Image for article titled A 16-Bit Ninja Game Asks What If Mega Man But Body Horror

Image: JoyMasher / The Arcade Crew

You play as one of the products of a despotic regime that uses robots to maintain an iron grip on a futuristic metropolis. For whatever reason, you are wired to have a conscience, and instead of protecting those in power, you decide to kill your fellow guardians one by one until the people rise up and overthrow the government. The world building, minimal as it is, combines the thrilling brutality of A robot cop with David Cronenberg’s unsettling horror and grime rendering of a body horror film.

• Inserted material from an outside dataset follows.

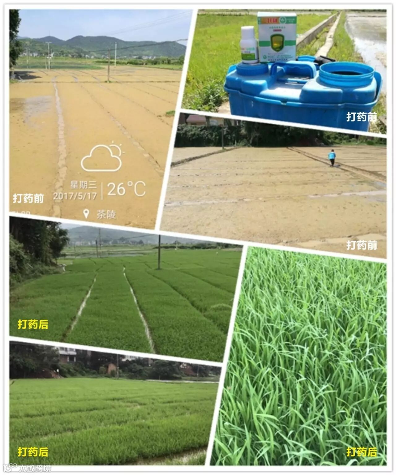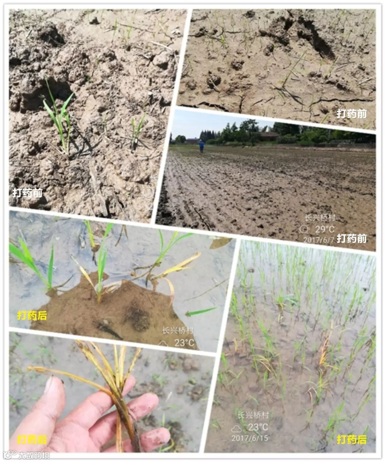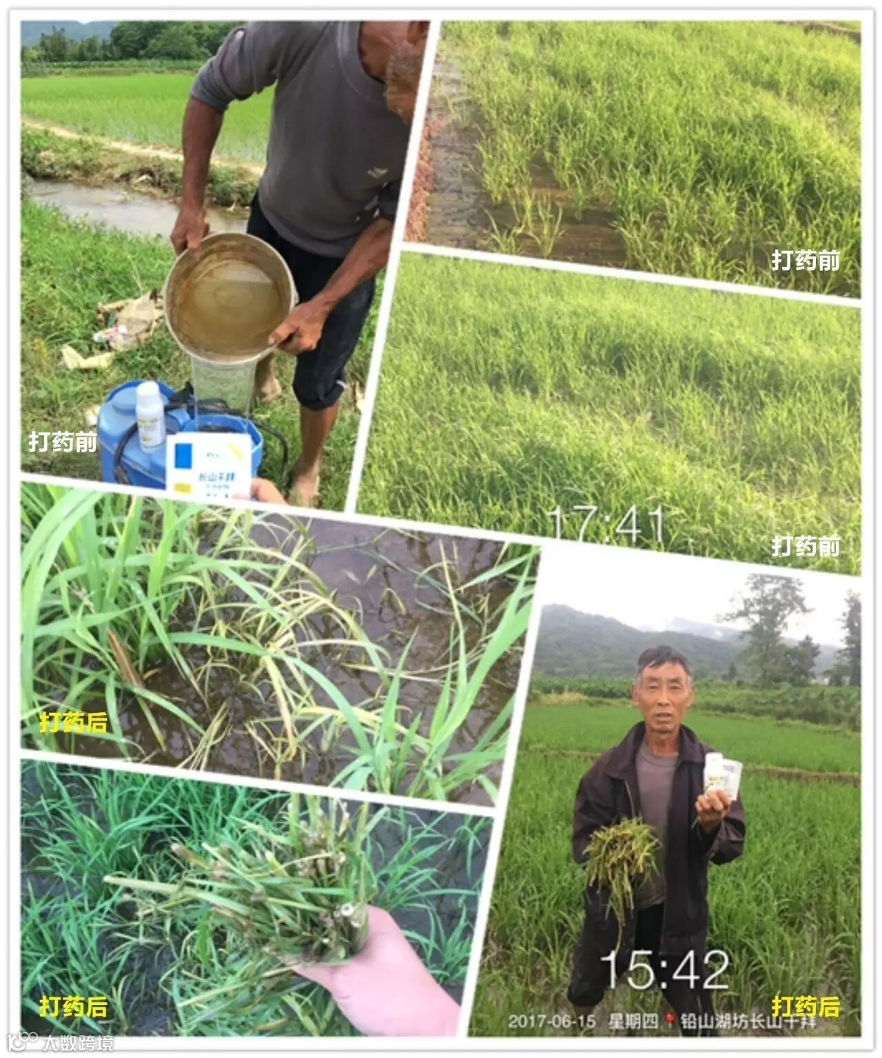 6月9号打药,田里禾苗在4叶-6叶不等,稗草千金子居多,这块田块据农户说每年除草成本很高,打了长山稻卫第6天去查看,效果令人震撼,千金子稗草大把大把的黄化枯死,据农户反应,打药后3小时左右就下雨了,第三天就看到死草了,没有丝毫影响药效。

Meanwhile, the revolution is fueled by an energetic techno soundtrack from composer Dominik Ninmark, which adds urgency to the horror.

The result is close to a dozen side-scrolling sci-fi levels with slight backtracking where you dodge hazards, slice through opposing enemy forces, and take on a host of bosses large and small using a lightsaber, double-tap, and wall-jump. While there are a handful of branching paths and challenging platforming set pieces, Vengeful Guardian is more focused on showing off its dystopian designs and lavish pixel art than hitting you over the head with difficulty eating.

Image for article titled A 16-Bit Ninja Game Asks What If Mega Man But Body Horror

Image: JoyMasher / The Arcade Crew

At one stage, a giant robot chases you through a forest in the background, knocking down trees and throwing punches from afar, until you later face it in a mini-boss battle. On another level, parasites unleashed in mining take over your cyborg enemies and cause their heads to explode as they transform into lumpy masses of antagonistic flesh. The cherry on top is how rewarding it feels to go through each one, with visual effects and unique death animations that make the otherwise simple levels vibrant and dynamic. The vehicle levels, including the ones that have you racing around town with 7-style 3D effects, also spice things up a bit and are gorgeous to boot.

And unlike many of the games Vengeful Guardian borrowed from, it is generous with checkpoints and health containers. It also offers you a diverse arsenal of special abilities and upgrades. Similar to Megaman, defeating each boss gives you one of their powers. My personal favorites were a hyper-dash attack and a dark portal that unleashes a Cthulhu-like tentacle, though overall neither felt like much of a game changer. More transformative are the upgrades, which range from things like health regeneration from each enemy killed to a scanner that alerts you to hidden locations of other power-ups. There are about a dozen in total, including double jump and extra armor that halves the damage you take.

Image for article titled A 16-Bit Ninja Game Asks What If Mega Man But Body Horror

Image: JoyMasher / The Arcade Crew

The latter essentially lets you blast your way through most bosses, allowing you to push them aggressively without having to worry about learning their attack patterns or fine-tuning your twitch reflexes. The only consequence is that it limits the score you can get on each level to a B, incentivizing you to go back and eventually perfect each level to potentially unlock something extra, which I have yet to do in my two or so hours with the game.

This runtime left me wanting more from Vengeful Guardian rather than just brushing up on levels I’d already completed, but I’ll take that over games overstaying their welcome or running out of ideas, but still going another five hours. like Shinobi III or the other ’90s hack-and-slash platformers it channels, Vengeful Guardian it lets you get in, have fun, and put the controller back down before you’re tempted to throw it across the room. There are no new ideas here, but it presents the old ones with polish and shine.